I have taken a strong initiative in introducing our charity partner, ‘Spread a Smile’, which has introduced a fresh new drive to assist others and give back to those in need in society. It is not just financial assistance. ‘Spread a Smile’ is such an enlightening organisation based on a very simple premise: how can we spread smiles for children who are in need? But it does not stop there. We extend our energies to the families of those children since every need of a child affects the whole family, including parents and siblings.’

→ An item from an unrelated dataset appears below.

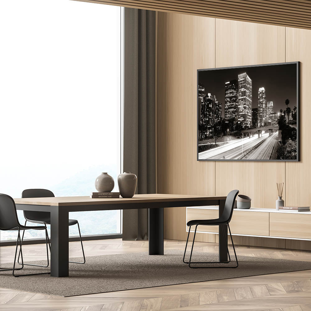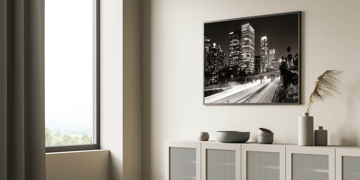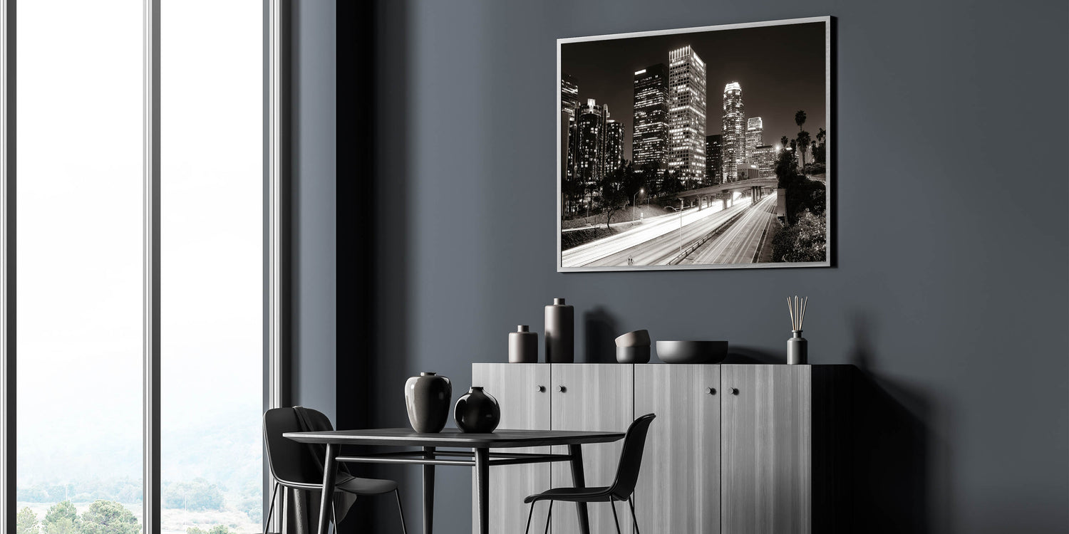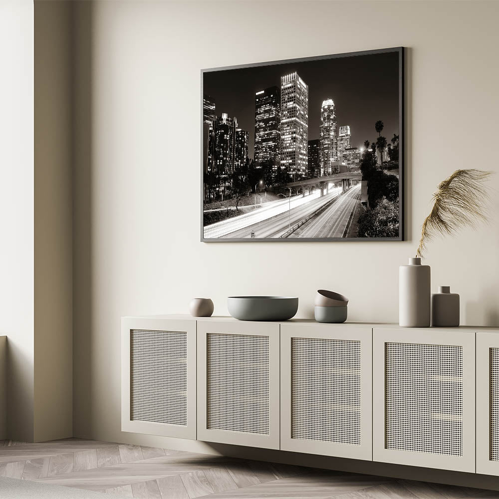 Add a touch of sophistication to your decor with this stunning black and white photograph of downtown Los Angeles. The timeless elegance of the monochromatic palette enhances the beauty of the city’s skyline, making this artwork a perfect statement piece for any room.

 I reminded Megan of a message which I had come across where she announced that she was joining a marathon in aid of Spread a Smile. ‘Oh yes, I recall that. There are 1000 ways one can help ‘Spread a Smile’. When I first met this organisation, I realised we had a thing in common. We were trying to spread a smile amongst our guests, and they were extending this to children and their families. Making people happy is such a straightforward message that it sounds almost artificial. But it is not. It is a direction that makes each of us participate in meeting the needs of others. It makes us present. It gives us a face within a context. We become a bridge which delivers a humane answer to a human need. In reality, I do not help ‘Spread a Smile’. It is ‘Spread a Smile’ that helps me and all my colleagues by making us better people, citizens, and spirits.’

Family, please smile!

What about life after work? Megan shared her beaming smile. ‘I love to travel and always try to cram trips within a few available days. But every weekend is dedicated to my family. I escape to the countryside of London to meet my grandma, grandpa, parents, uncles, aunts and friends. We meet at Grandma’s place and enjoy ourselves every Saturday. I have recently become an aunt for the first time.

Latest addition to the family…and already a Corinthian!

My sister has just given birth to a baby, so I look forward to this new and fresh experience. My partner, whom I have known for the last five years, enjoys seeing me relax with the people I love. He thinks that my hobby is socialising. Perhaps he’s right. I love spending my time with people. I am a people person.

And that, after all, is the fundamental basis of my work. I’m lucky; I love my job because it allows me to express my genuine love for people.’